I have a 55 gal. with two 6500K t-5's on top. pH is about 8.0 (I can't do much about that), temperature is close to 80 degrees. I only started fertilizing with Flourish about 2 weeks ago, so maybe that will end up making a difference. I don't add CO2. My problem is that most plants I have seem happy, but the leaves on the bottom half always melt away . Moneywort is a good example. It grew like crazy and I had to start cutting it back, but still the bottom half of the plant always had the leaves melting away. What is the issue, not enough light?


----------



## niko (Jan 28, 2004)

Address the following:

1. Bad flow - not reaching all areas of the tank well.
2. Slight underfeeding of the plants - you want to feed them well but not overdo it.
3. Better bulbs - Kelvin is not a way to compare bulbs. More light is not really needed unless your T5s are 28 watt each.

If all of the above are in line you can have leaves on the back side of the tank, close to the bottom, that are intensely green.

--Nikolay


----------



## JNB (Feb 27, 2011)

I think 2 of the issues are addressed. The light bulbs are are 54 watts each and I recently started dosing Flourish once a week. I would dose twice a week but I am concerned that it might promote algae - I just had an outbreak recently and put these new plants in to help resolve it, and it has definitely helped. As for the flow, whenever I clean the tank I can see that the water has constant movement around the plants, but it's not like a good "breeze", for lack of a better term. Is that enough?
I also just spread my plants apart more, they were fairly close to each other before.

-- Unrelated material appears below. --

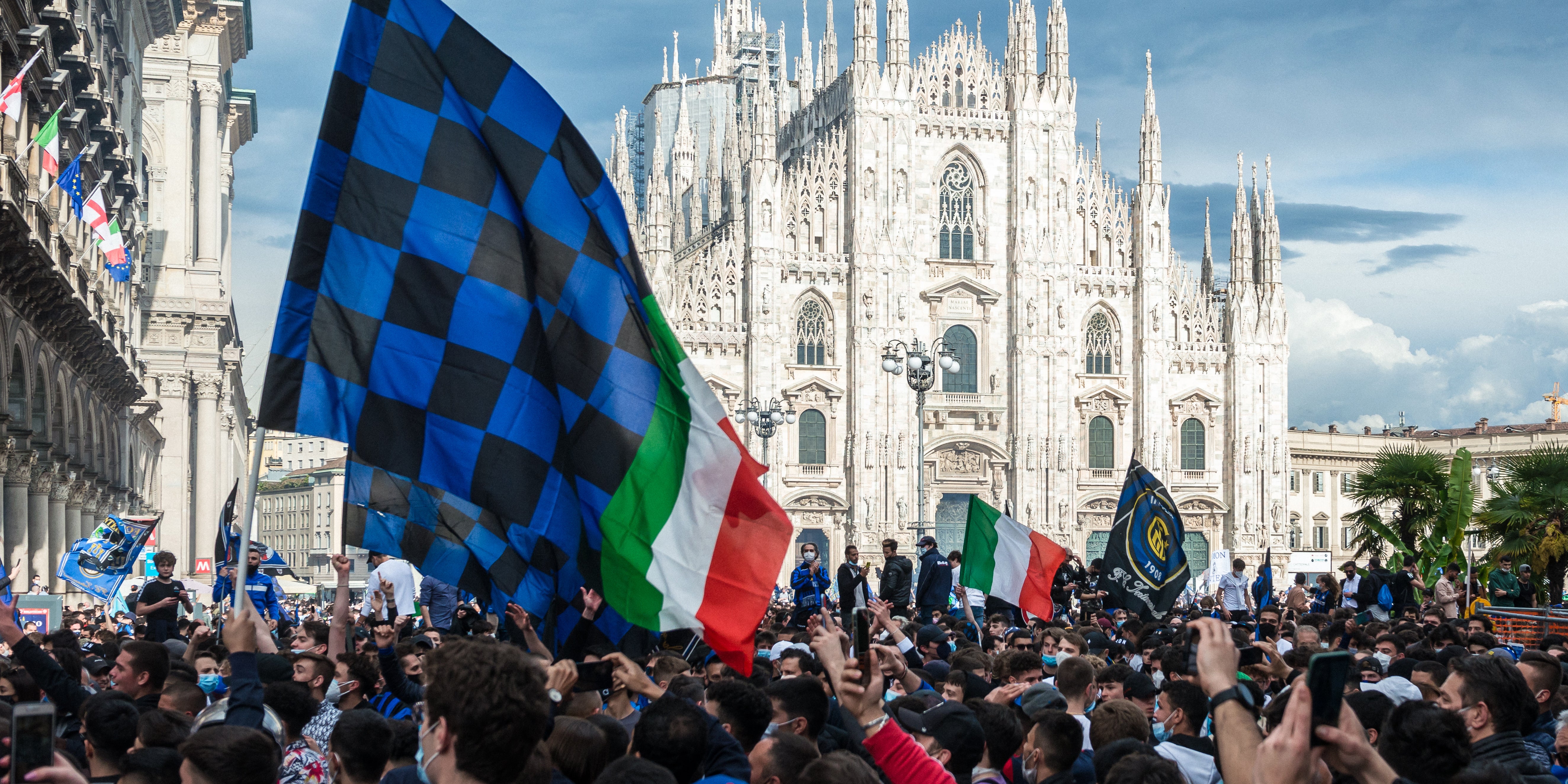 Auf dem Domplatz skandierten begeisterte Fans Chöre für die "Inter-Helden". Tifosi warfen schwarzblaue Rauchbomben, Konfetti regneten auf die Menschenmenge. Circa 100 Fans kletterten auf eine Statue inmitten des Domplatzes und rollten eine italienische Fahne auf einem der beiden Löwen zu Füßen des Monuments aus. Die Fans trugen zwar Mundschutz, hielten jedoch trotz des Appells des Klubs auf sichere Feierlichkeiten keinen Abstand.

You mentioned having the plants against the back of the tank. Is there an issue with having taller plants in both the mid-ground and the background?


----------



## HeyPK (Jan 23, 2004)

Both potassium and magnesium deficiencies result in die-back of older leaves. Make sure you have enough of those two nutrients.


----------



## JNB (Feb 27, 2011)

I will see what I can find out. A specialty store near me will test for almost anything you want. If you can test for it, they will probably do it for free.


----------



## NursePlaty (Mar 24, 2010)

maybe the light isnt strong enough to reach the lower leaves, or too many plants blocking that higher leaves cover up lower leaves


----------